Zapatista rebels go on tour

The Zapatista rebels of Mexico are emerging from their jungle hideout for a six-month campaign tour of the country, designed to be an alternative to this year’s already contentious presidential race.

The rebels have been fighting for equal rights for Mexico's Indians

The tour begins on New Year’s Day – to coincide with the anniversary of a brief Zapatista uprising in the name of Indian rights 12 years ago. This time, however, the Zapatistas are not expected to carry weapons and declare war when they march into San Cristobal.

Subcomandante Marcos, the Zapatista leader, has said he will build a nationalist leftist movement that will “shake this country up from below” during a visit to Mexico’s 31 states.

Marcos has promised that the movement will not be violent, saying that he will no longer be a military sub-commander but a civilian known as Delegate Zero.
 
He said the Zapatistas would not run for elected office or join Mexico’s mainstream political process, which he described as corrupt and out of touch with the people.

Which direction?

“We have to unite with labourers, teachers, students and all the workers in the city and countryside”

Zapatista council statement 

Many analysts and Zapatista sympathisers are confused about the rebels’ exact intentions.

Miguel Alvarez is head of Serapaz, a pacifist group that has helped with negotiations between the government and the Zapatistas. “What kind of movement is it going to be? That is the million-dollar question,” he said. “I guess we’ll just have to wait and see.”
 
When the Zapatistas first stormed San Cristobal on New Year’s Day in 1994, they called for equal rights for Mexico’s Indian minority and an end to the one-party rule of the Institutional Revolutionary party (PRI), which governed Mexico for most of the 20th century.
 
After the PRI lost power to Vicente Fox, who was elected president in 2000, the rebels focused on building a network of Zapatista-run schools and medical clinics in dozens of Indian villages they control in Chiapas, Mexico’s southernmost state.

The third phase

The rebels say the national tour, which they have dubbed the Other Campaign in reference to presidential elections in July, is a third phase in the Zapatista revolution.
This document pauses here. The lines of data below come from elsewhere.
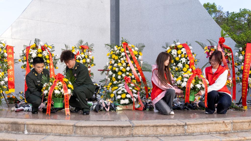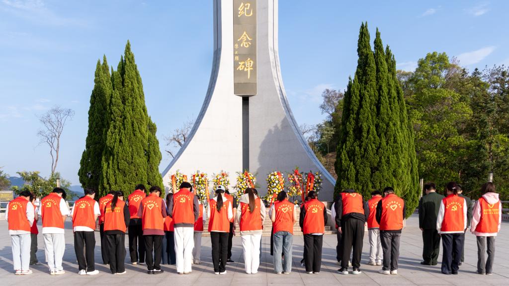 活动伊始,师生们身着整齐服装,沿着九峰山石阶拾级而上,用脚步丈量革命先辈的奋斗历程。在庄严肃穆的革命烈士纪念碑前,退伍士兵代表和学生党员缓缓抬起花篮,将寄托哀思的花篮敬献在纪念碑基座上。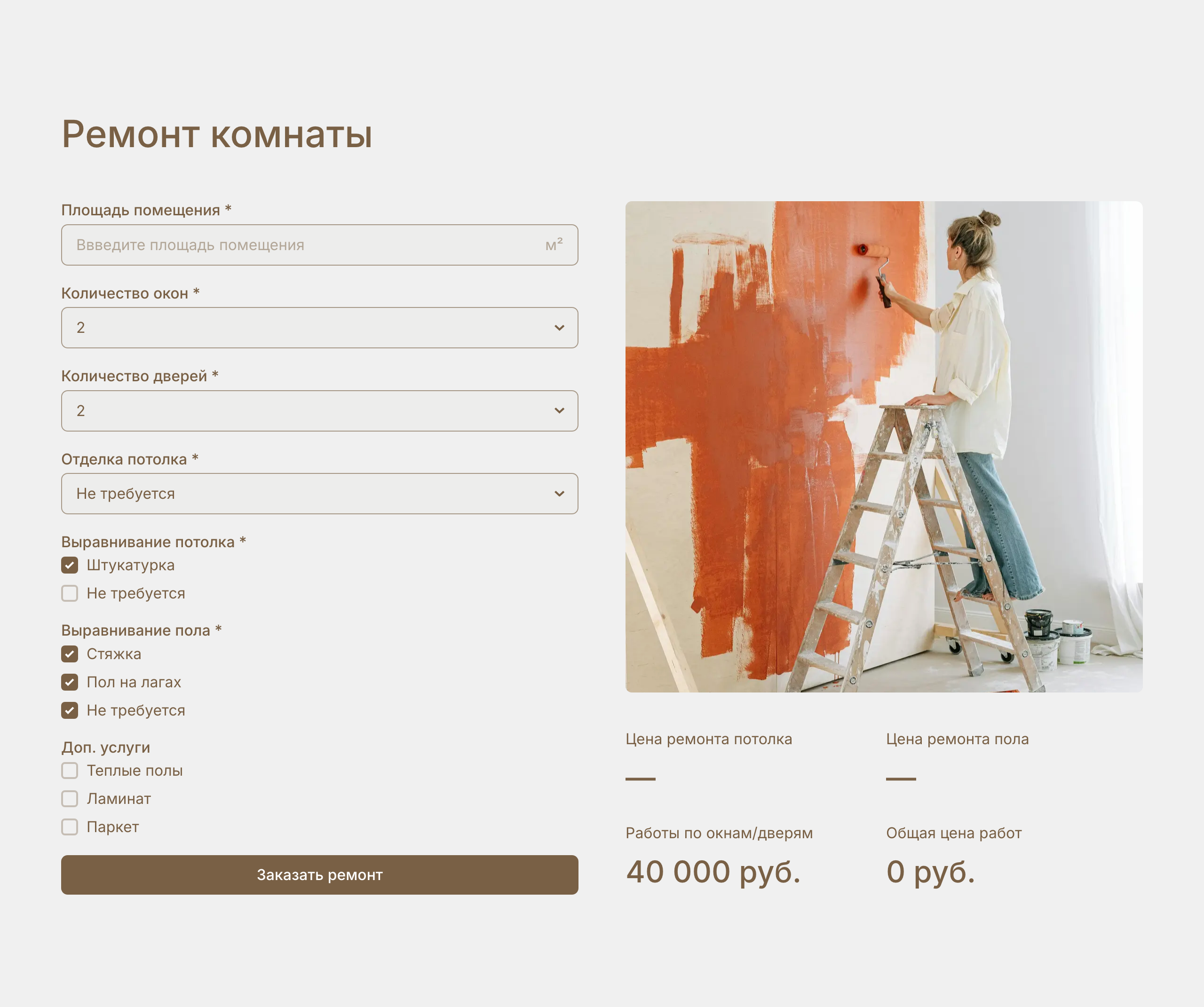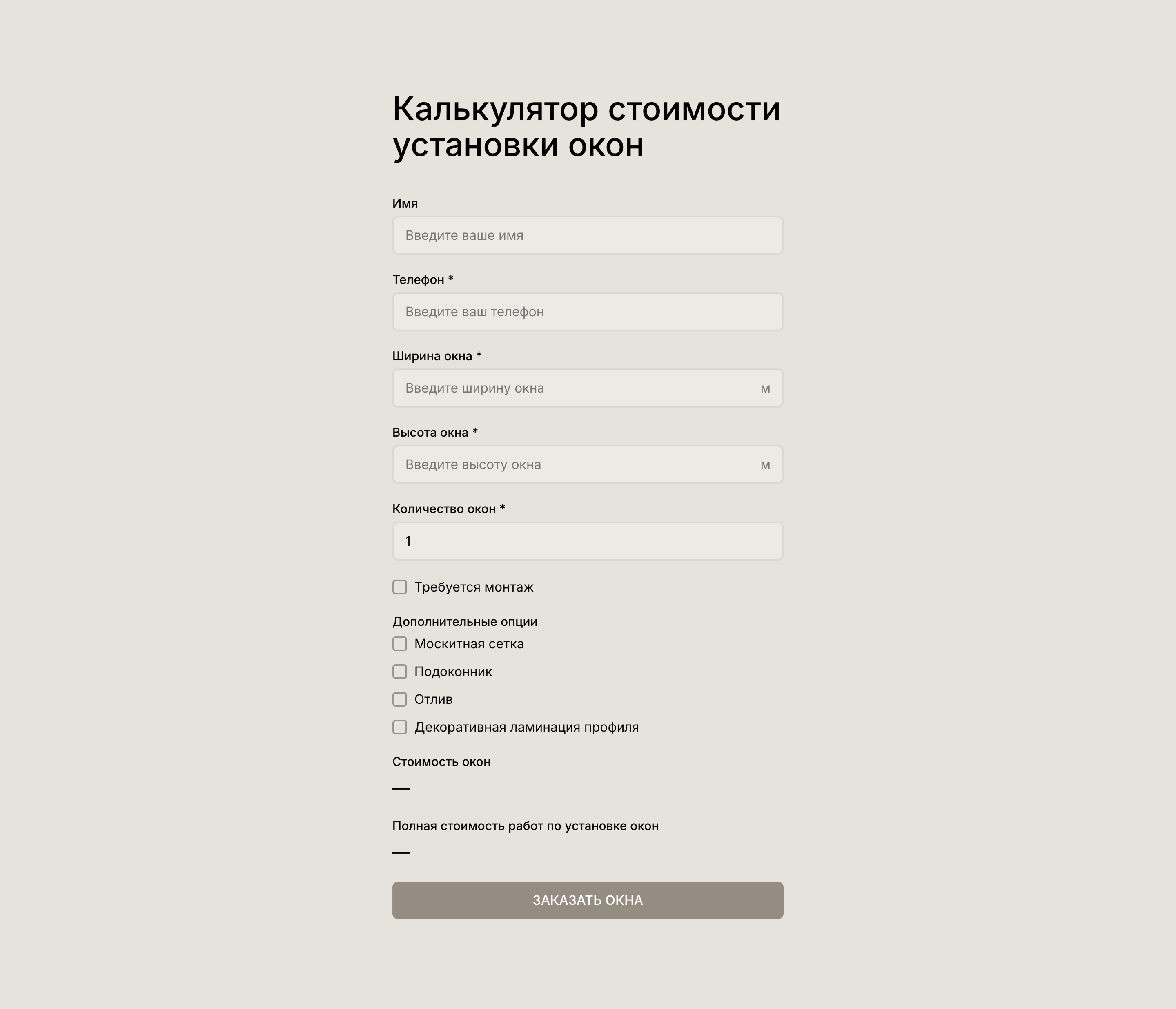 Теперь калькулятор отображает расчет стоимости окна в реальном времени, используя данные, которые ввел клиент.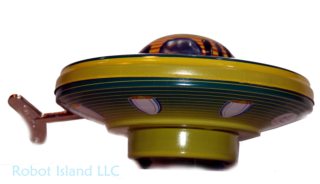 Flying Saucer UFO. Windup Flying Saucer featuring aliens and space graphics. Design elements of classic 1950's Sci-Fi movies. Cool windup action featuring forward traveling, stops and spins around, then takes off in different direction. Action repeats. Colorful graphics. Measures 5" in diameter. Tin Space Ships and Robots are adult collectibles not for children.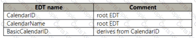 A company uses Dynamics 365 Finance. You are customizing elements for the extended data types (EDTs) shown in the following table.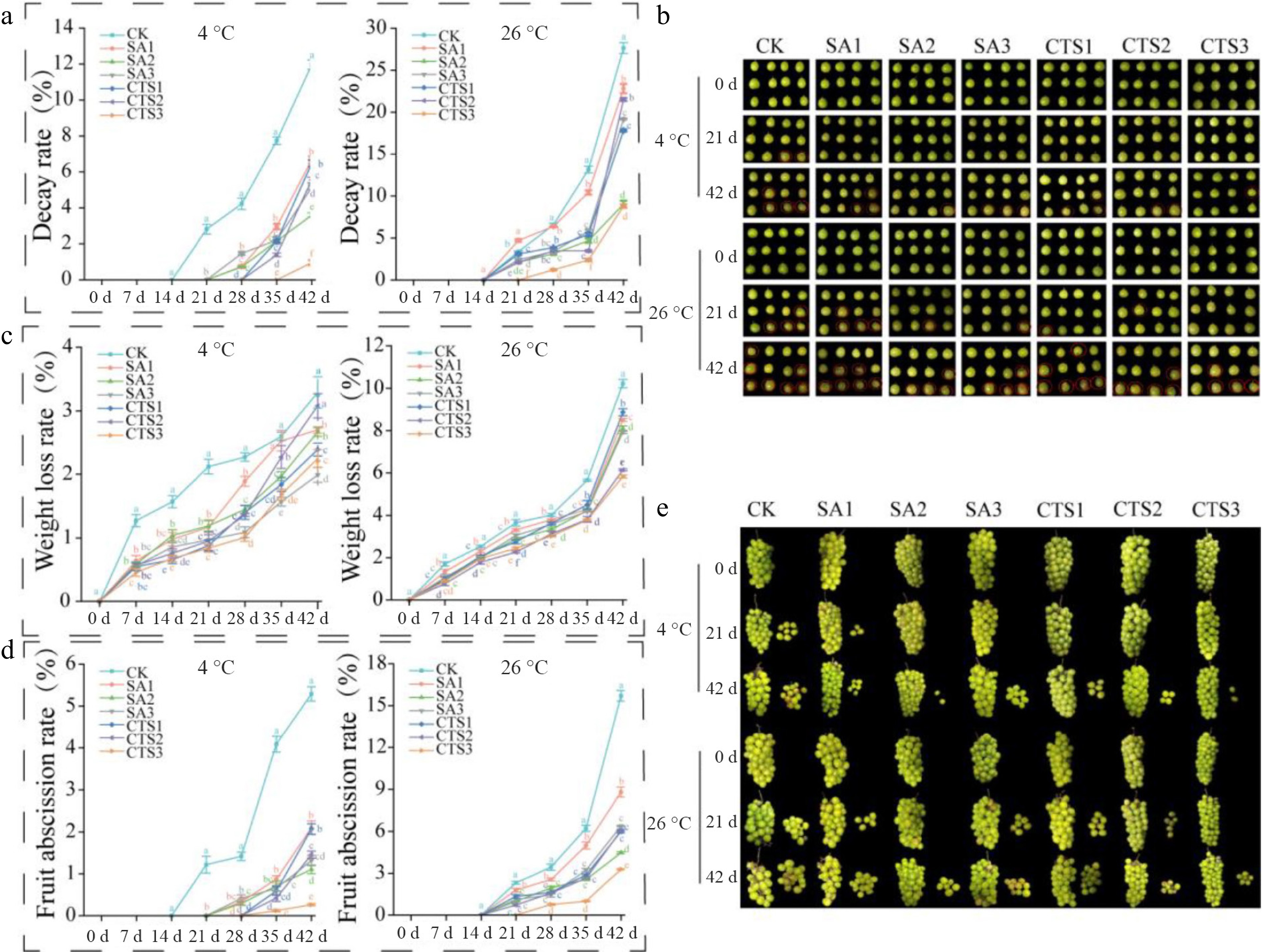 • Grape FAR exhibited a progressive increase throughout the storage period (Fig. 2e). After 42 d, the efficacy of the treatments was temperature-dependent. At 4 °C, the FAR across groups followed the descending order: CK > SA1 > CTS1 > CTS2 > SA3 > SA2 > CTS3. In contrast, at 26 °C, the SA2 and CTS3 treatments resulted in the lowest FAR values (4.5% and 3.3%, respectively; Fig. 2d). Notably, the CTS3 treatment consistently demonstrated the greatest efficacy in minimizing fruit abscission at both storage temperatures.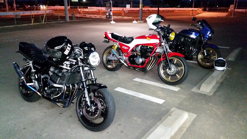 そして一人だけ遠く寂しいところにおかれていたCB750Fも合流してご飯を食べに・・・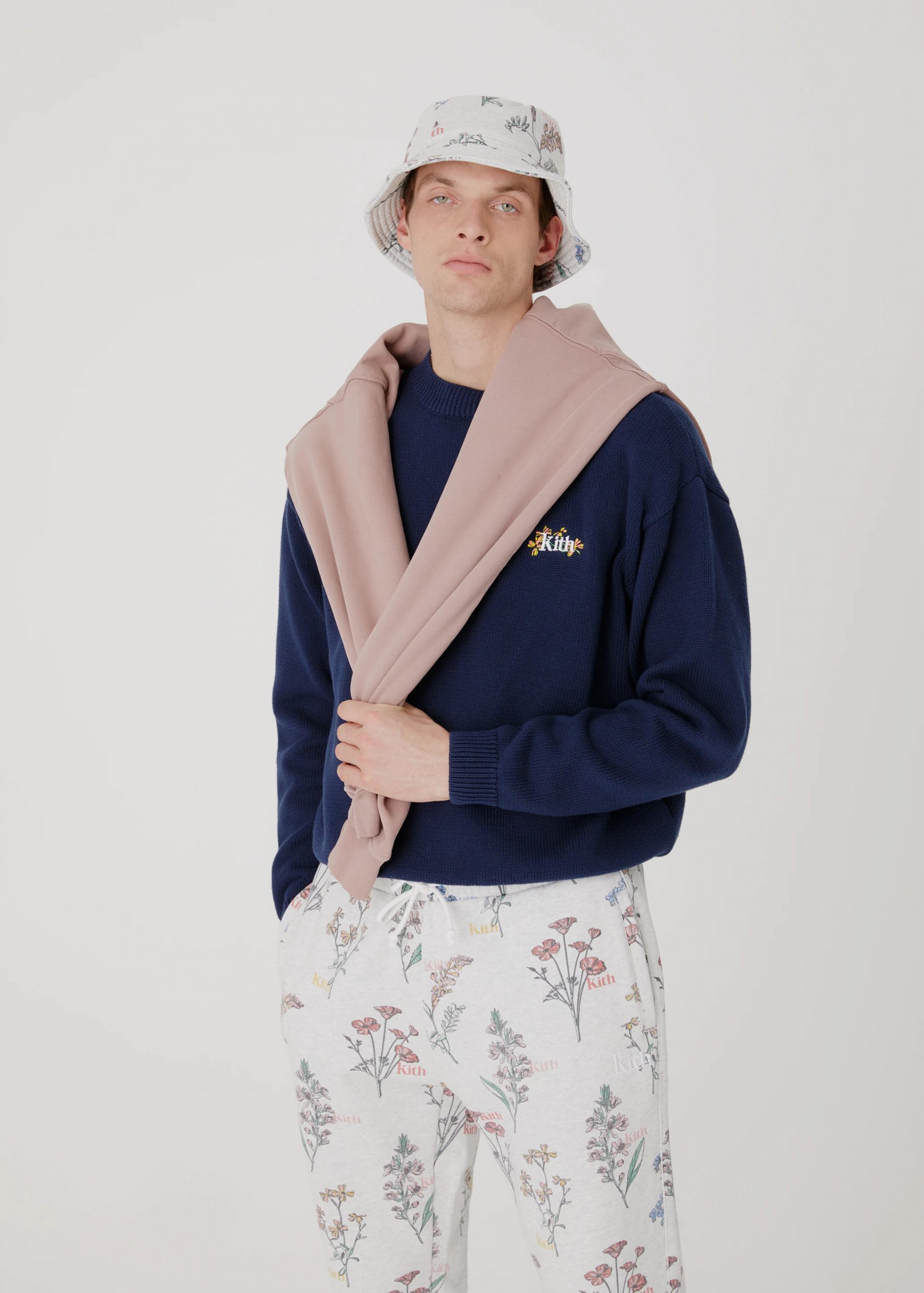 The collection notably focuses on elevated silhouettes and materials with bold designs. Key prints include Moroccan stripe and Bandana paisley, both featured in matching jackets, hats, and tote bags. Floral embroidery takes center stage on denim jackets, jeans, and knitwear. Kith also prepares for the season with lightweight jackets, springtime knitwear, and tracksuits.

The Zapatista’s command council said in a recent statement: “A step forward in the struggle is only possible if we unite with other sections of society. We have to unite with labourers, teachers, students and all the workers in the city and countryside.”
 
Bertha Navarro, 60, a film producer who lives in Mexico City, said she saw a Zapatista-inspired movement as a way for ordinary Mexicans to get involved in politics.

Inspiration

Zapatista leader Marcos (C) has promised a non-violent campaign
Zapatista leader Marcos (C) has promised a non-violent campaign

Zapatista leader Marcos (C) has
promised a non-violent campaign

“There are a lot of people in Mexico like me who are fed up with the corrupt parties and are looking for a new way of doing politics,” Navarro said.

Marcos has repeatedly criticised  the leftist Democratic Revolution party and its presidential candidate, Andres Manuel Lopez Obrador, the former mayor of Mexico City, who leads most polls for the presidential elections.

Zapatista rebels have caught the imagination of many leftists from across the globe, especially European socialists and anarchists.

Paulo Carta, 28, a paramedic who has travelled to San Cristobal from Rome, said: “The way the Zapatistas live is very different from us in Europe. But the way they have organised and stood up for their rights is an inspiration to us all.”